How to complete this task:
What you output must match, exactly, the lines from the start of the records to the line containing "Công thức tính", both ends kept and pictures excluded.

BEGIN Input material

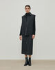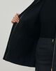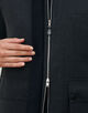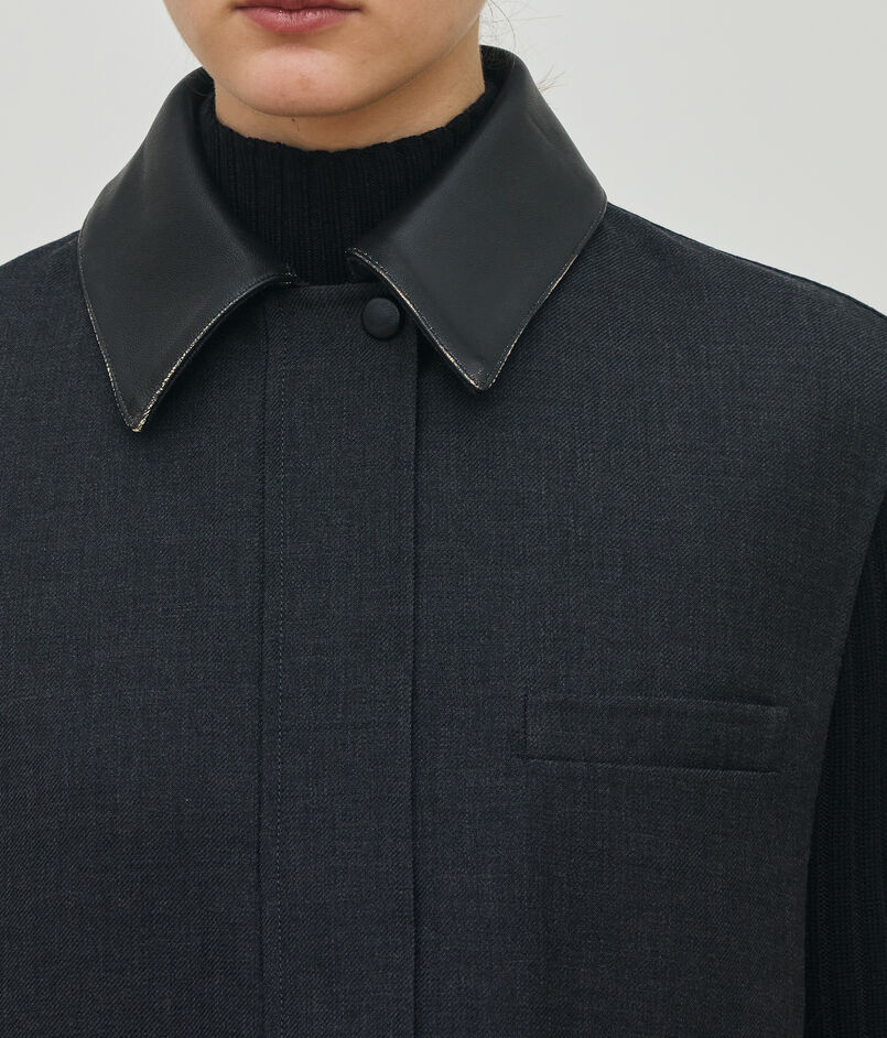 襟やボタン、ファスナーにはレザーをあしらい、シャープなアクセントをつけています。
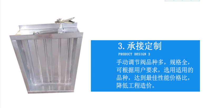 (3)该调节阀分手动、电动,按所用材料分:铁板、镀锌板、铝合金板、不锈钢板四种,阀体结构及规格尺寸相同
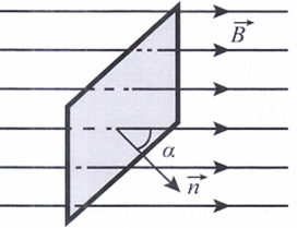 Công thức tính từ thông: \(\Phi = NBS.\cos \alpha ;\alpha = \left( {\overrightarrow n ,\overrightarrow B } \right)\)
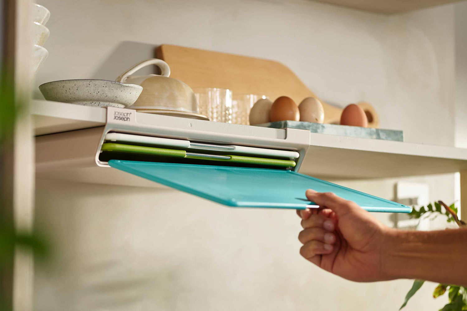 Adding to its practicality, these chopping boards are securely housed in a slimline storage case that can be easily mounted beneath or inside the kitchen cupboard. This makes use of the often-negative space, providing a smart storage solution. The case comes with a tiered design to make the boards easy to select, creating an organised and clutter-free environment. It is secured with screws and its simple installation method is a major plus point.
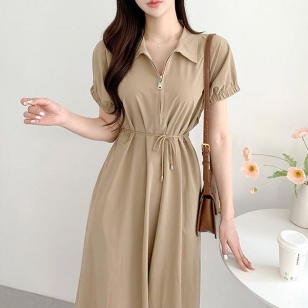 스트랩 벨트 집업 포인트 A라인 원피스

END Input material

Result of the task:
 襟やボタン、ファスナーにはレザーをあしらい、シャープなアクセントをつけています。
 (3)该调节阀分手动、电动,按所用材料分:铁板、镀锌板、铝合金板、不锈钢板四种,阀体结构及规格尺寸相同
 Công thức tính từ thông: \(\Phi = NBS.\cos \alpha ;\alpha = \left( {\overrightarrow n ,\overrightarrow B } \right)\)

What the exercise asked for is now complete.